Inflation Can Be Trouble To India Due To Rolling Oil Prices, Monsoon Fears

Increasing oil prices and monsoon worries are driving up the peril of higher inflation in India, specialists cautioned—even as the central bank seems poised to trim rates ahead—that is adding up more pressure to increase prices. Prakash Sakpal—Asia Economist at a Dutch bank ING—said to CNBC, “The best situation will be firm low inflation rate that is behind us. Already inflation rate has bottomed and is anticipated to go higher in further time. Food, oil-related fuel, and transport costs are reappearing in play as sources of higher inflation.” The central bank of India—RBI (Reserve Bank of India)—has fixed a long-term inflation aim of 4% and a medium-term aim of amid 2% and 6%.

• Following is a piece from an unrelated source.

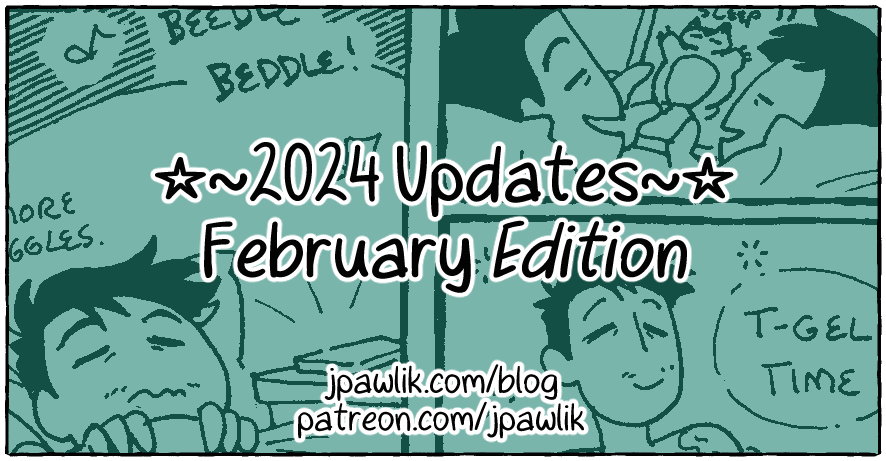 Happy February everyone, this month came and went so quickly, but I’ve got some art and comic updates for y’all! Want some good ways of getting these newsletters? I got you covered (they’re all free forever!) Blog | Patreon | RSS | Mailing List

Indian government data illustrated that in February, India’s CPI (consumer price index) increased to a 4-Month high of 2.57% from 2.05% in January. The core inflation remained at around 5.5% in February. Sakpal further added, “With such a background, I would not be shocked if core inflation speed ups higher than 6% in the further time, the level where it was 6 Months ago.” While core inflation prohibits food prices and volatile fuel, rising energy costs will persist to put pressure on the customer inflation through heavy household use of petrol, diesel and higher transport costs in India, experts say. The oil prices increased to 5-Month highs with no indications of abating.

On a similar note, recently, World Bank stated that India’s economic development is “too much” carried by domestic demand. India’s economic progress in last few years has been quite much driven by household demand and its exports were just one-third of its capacity, a World Bank executive stated, asserting that the next administration needs to concentrate on export-led growth.